** PROBLEM TO SOLVE **
Your answer must be an exact copy of the records below, with every picture left out.

** PROVIDED RECORDS **
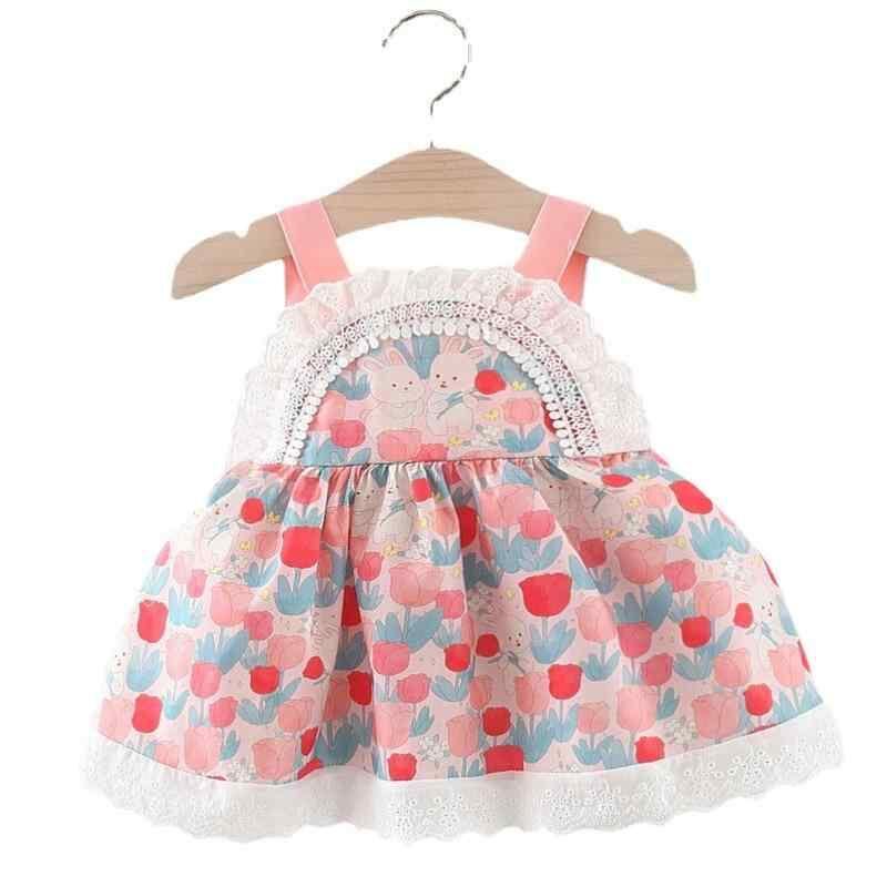 ワンピース ベビー 女の子 コットン 韓国風 うさぎ柄 キャミソール プリンセス風 フレア 春夏 ピンク ブルー 普段使い お出かけ 柔らかい
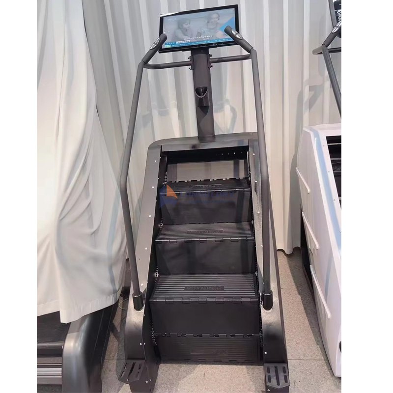 Široký stupňovitý design schodišťového stroje s dotykovou obrazovkou LCD je hlavním vrcholem. Širší platforma nabízí uživatelům větší komfort, vhodný pro různé tréninkové polohy. Ať už jde o rychlou chůzi, jogging nebo lezení, uživatelé mohou zažít volnější pohyb. Na tomto schodišťovém stroji najdou svůj preferovaný styl tréninku jak profesionální sportovci, tak příležitostní fitness nadšenci.
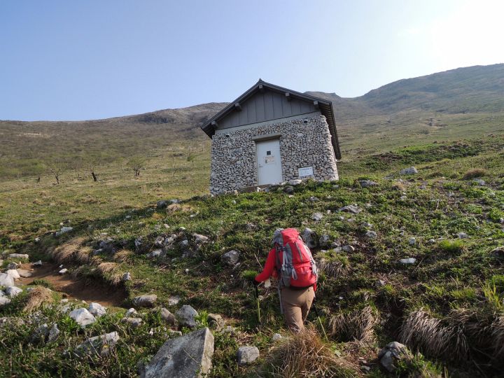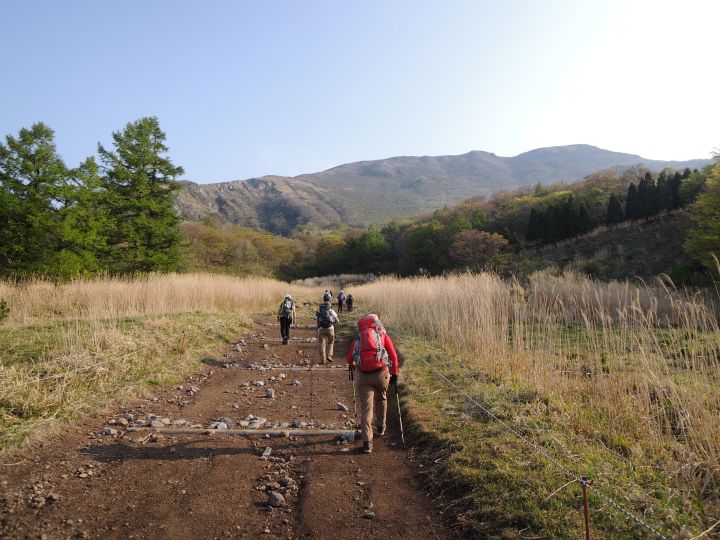 スキー場のゲレンデ跡をまっすぐ上ってゆく。筋肉痛などはなく、少し身体が重たい程度だった。ちなみに伊吹山スキー場は、さまざまな要因で2008年から休業、2010年にリフトが撤去されて現在は完全に閉鎖されている。
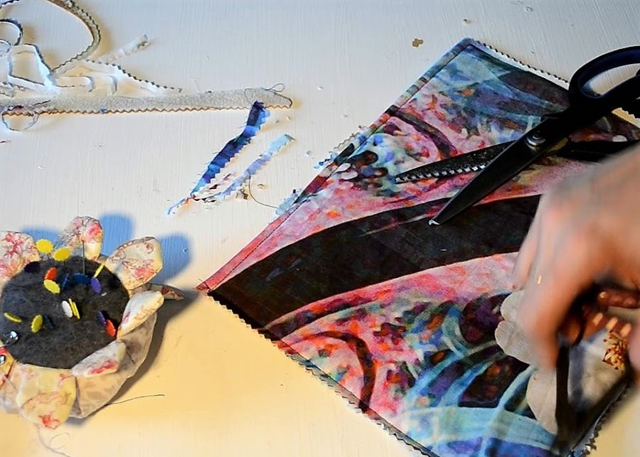 -Una vez cosido cortamos los las tijeras de zig-zag justo por fuera de la costura.
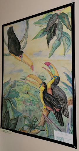 One of my favorite things to do when traveling this country is to hit the little shops and support local businesses, especially the shops with locally made art! The first time i visited the gallery in Main Street arts last year, i got this awesome wind chime in the shape of an elk and some locally made candles. This latest visit, I found a gorgeous stone necklace called dragon's teeth made by Helen Walters, a beautiful original watercolor of toucans called "gossip" by Ken Hernandez (it matched my tiger and toucan jacket, i couldn't resist š). Last but not least, the coolest, most beautiful tool i didn't know i needed until my husband pointed it out - a seam ripper necklace that can be stored pointy side in on the stunning wood part of the necklace, made by Bobby Goode. I wish i could remember who made the wind chime i got last year, but i do remember she and her husband have a corner on the front near the door.
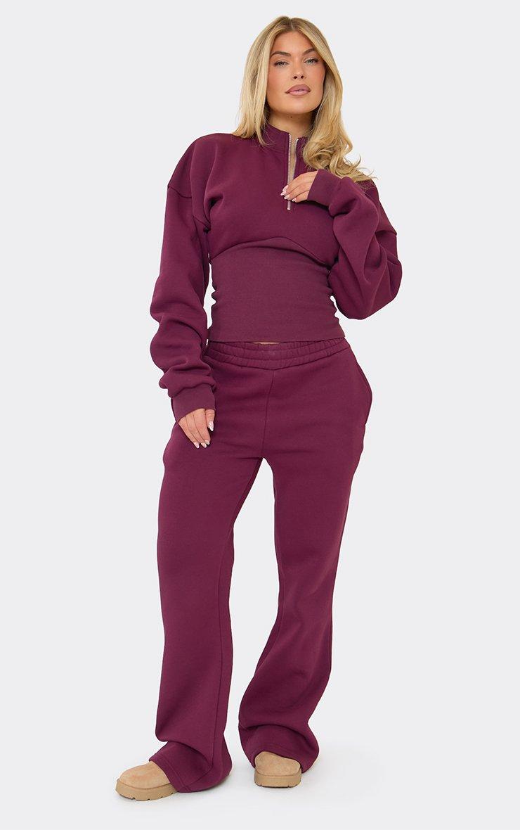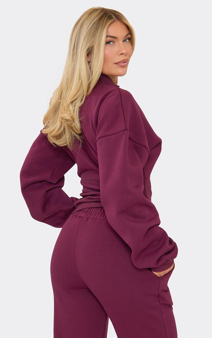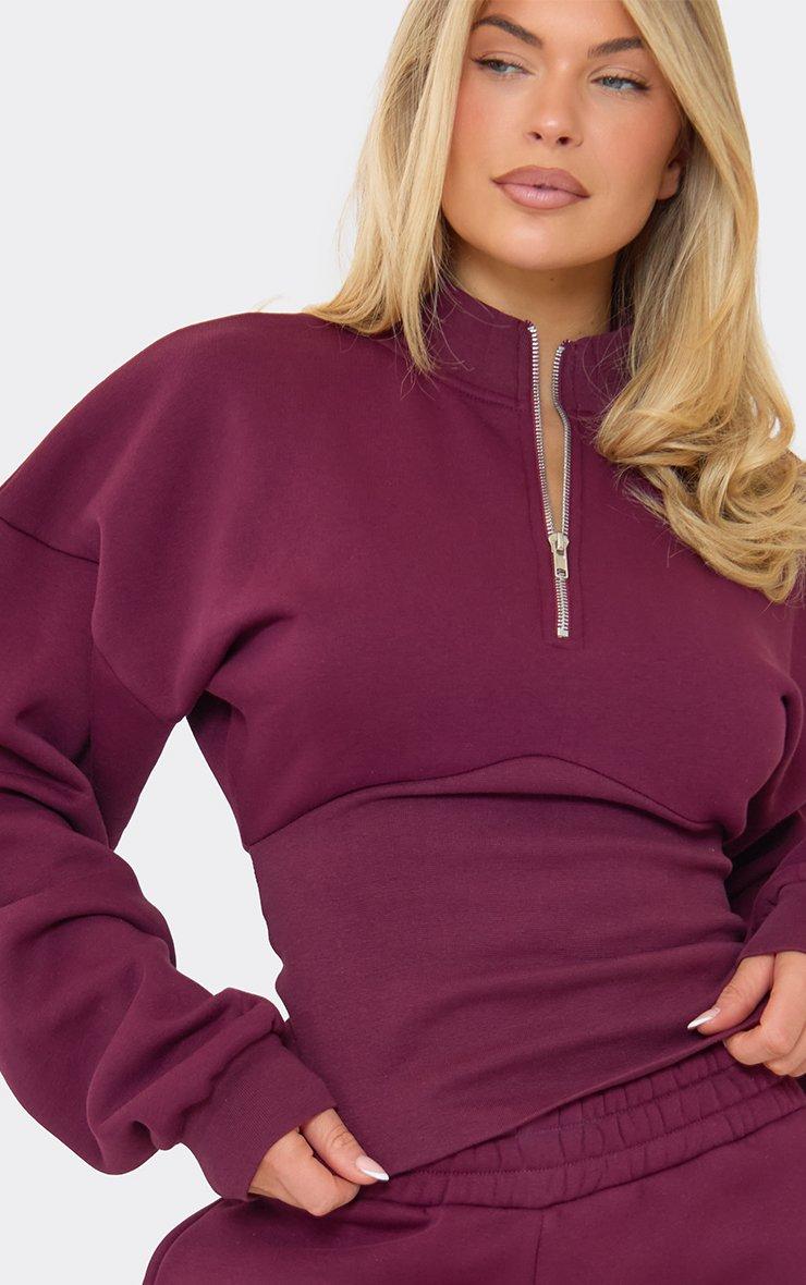 High Neck Quarter Zip Cinched Waist Detail Sweatshirt In Plum
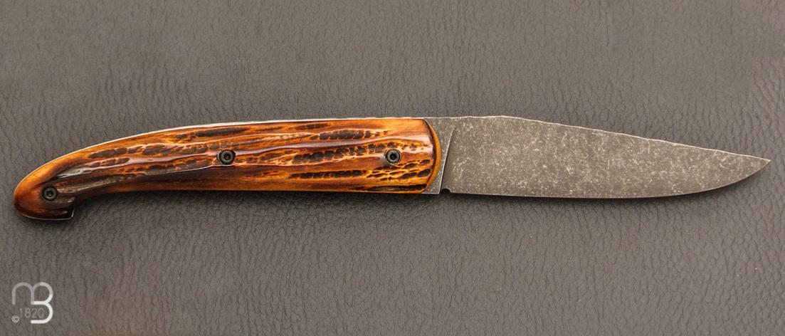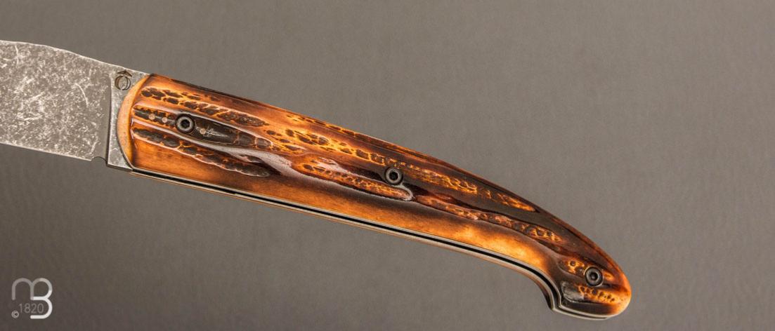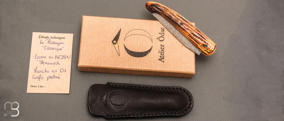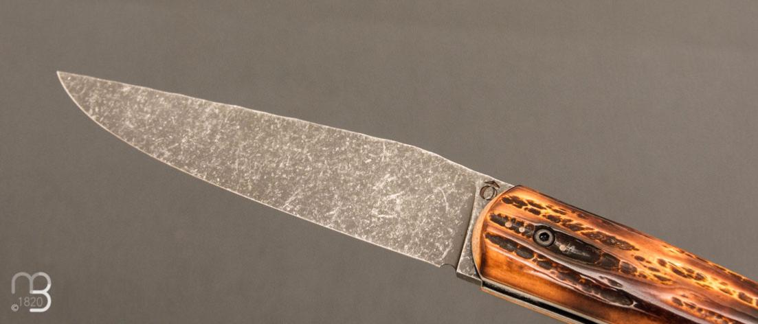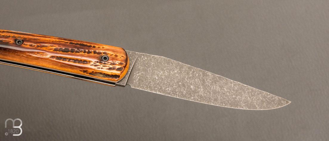 Couteau " Le Passager " de Pierre Thomas - Atelier Odae - Os cerfé et 14c28N
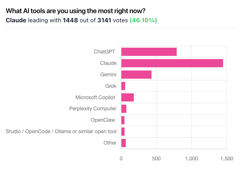 First up, the final tally. At time of writing this: 3,143 votes. Claude 1,449 (46%), ChatGPT 790 (25%), Gemini 431 (14%), Microsoft Copilot 180, Perplexity Comet 74, Grok 57. A self-selected bias from an AI newsletter audience, yes; but a loud, specific, paying-attention one. |
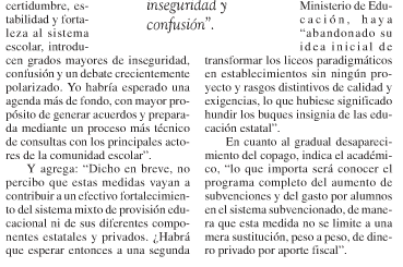 Explicó que en el fin al lucro, “dos años para adaptarse al nuevo sistema es poco; deberíamos pensar en 3 ó 4”, y se mostró conforme “en que el privado pueda recuperar su inversión, pero no estoy seguro de que la compra de infraestructura por parte del Estado sea la mejor fórmula”.
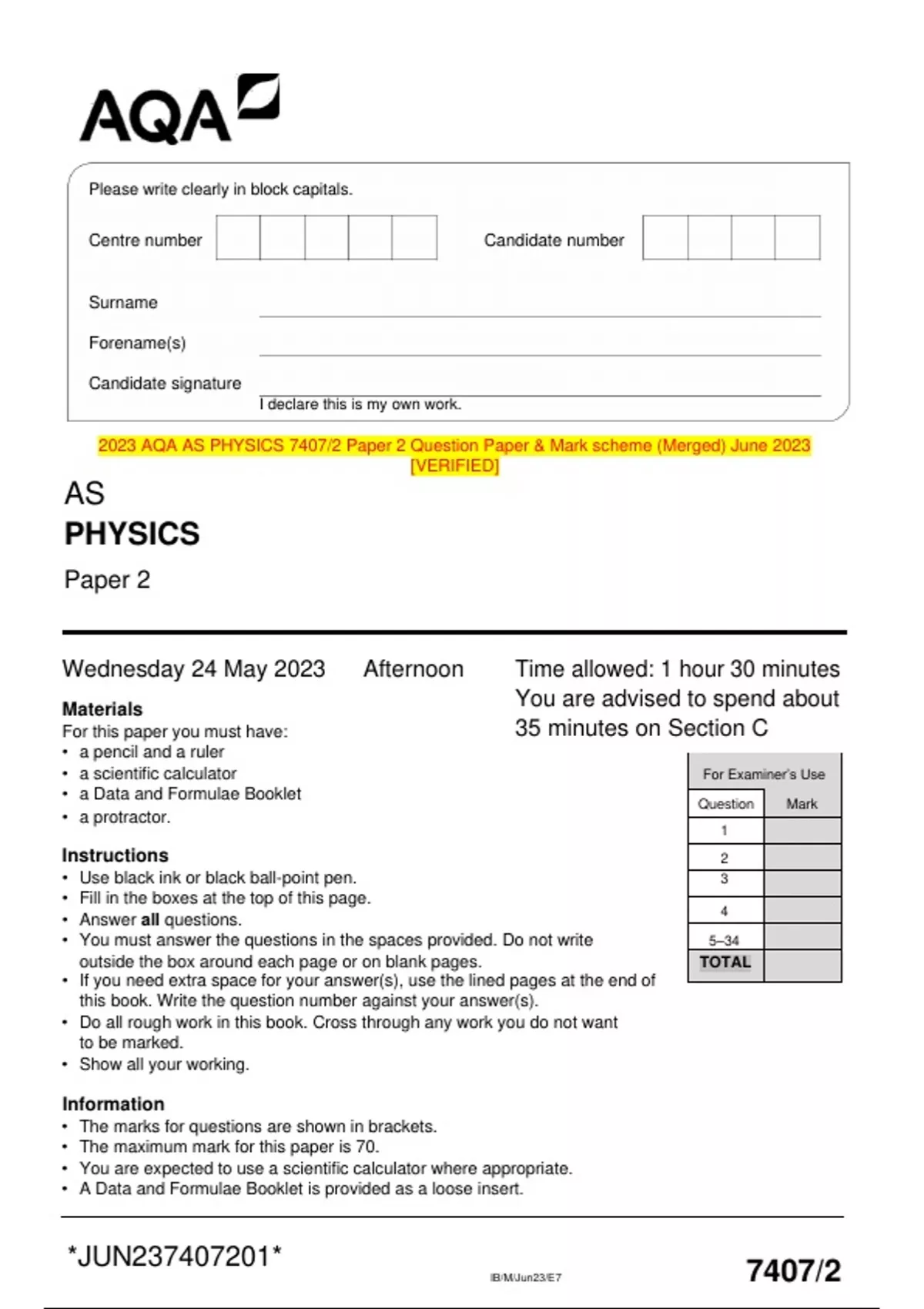 2023 AQA AS PHYSICS 7407/2 Paper 2 Question Paper & Mark scheme (Merged) June 2023 [VERIFIED]

** TASK OUTPUT **
 ワンピース ベビー 女の子 コットン 韓国風 うさぎ柄 キャミソール プリンセス風 フレア 春夏 ピンク ブルー 普段使い お出かけ 柔らかい
 Široký stupňovitý design schodišťového stroje s dotykovou obrazovkou LCD je hlavním vrcholem. Širší platforma nabízí uživatelům větší komfort, vhodný pro různé tréninkové polohy. Ať už jde o rychlou chůzi, jogging nebo lezení, uživatelé mohou zažít volnější pohyb. Na tomto schodišťovém stroji najdou svůj preferovaný styl tréninku jak profesionální sportovci, tak příležitostní fitness nadšenci.
 スキー場のゲレンデ跡をまっすぐ上ってゆく。筋肉痛などはなく、少し身体が重たい程度だった。ちなみに伊吹山スキー場は、さまざまな要因で2008年から休業、2010年にリフトが撤去されて現在は完全に閉鎖されている。
 -Una vez cosido cortamos los las tijeras de zig-zag justo por fuera de la costura.
 One of my favorite things to do when traveling this country is to hit the little shops and support local businesses, especially the shops with locally made art! The first time i visited the gallery in Main Street arts last year, i got this awesome wind chime in the shape of an elk and some locally made candles. This latest visit, I found a gorgeous stone necklace called dragon's teeth made by Helen Walters, a beautiful original watercolor of toucans called "gossip" by Ken Hernandez (it matched my tiger and toucan jacket, i couldn't resist š). Last but not least, the coolest, most beautiful tool i didn't know i needed until my husband pointed it out - a seam ripper necklace that can be stored pointy side in on the stunning wood part of the necklace, made by Bobby Goode. I wish i could remember who made the wind chime i got last year, but i do remember she and her husband have a corner on the front near the door.
 High Neck Quarter Zip Cinched Waist Detail Sweatshirt In Plum
 Couteau " Le Passager " de Pierre Thomas - Atelier Odae - Os cerfé et 14c28N
 First up, the final tally. At time of writing this: 3,143 votes. Claude 1,449 (46%), ChatGPT 790 (25%), Gemini 431 (14%), Microsoft Copilot 180, Perplexity Comet 74, Grok 57. A self-selected bias from an AI newsletter audience, yes; but a loud, specific, paying-attention one. |
 Explicó que en el fin al lucro, “dos años para adaptarse al nuevo sistema es poco; deberíamos pensar en 3 ó 4”, y se mostró conforme “en que el privado pueda recuperar su inversión, pero no estoy seguro de que la compra de infraestructura por parte del Estado sea la mejor fórmula”.
 2023 AQA AS PHYSICS 7407/2 Paper 2 Question Paper & Mark scheme (Merged) June 2023 [VERIFIED]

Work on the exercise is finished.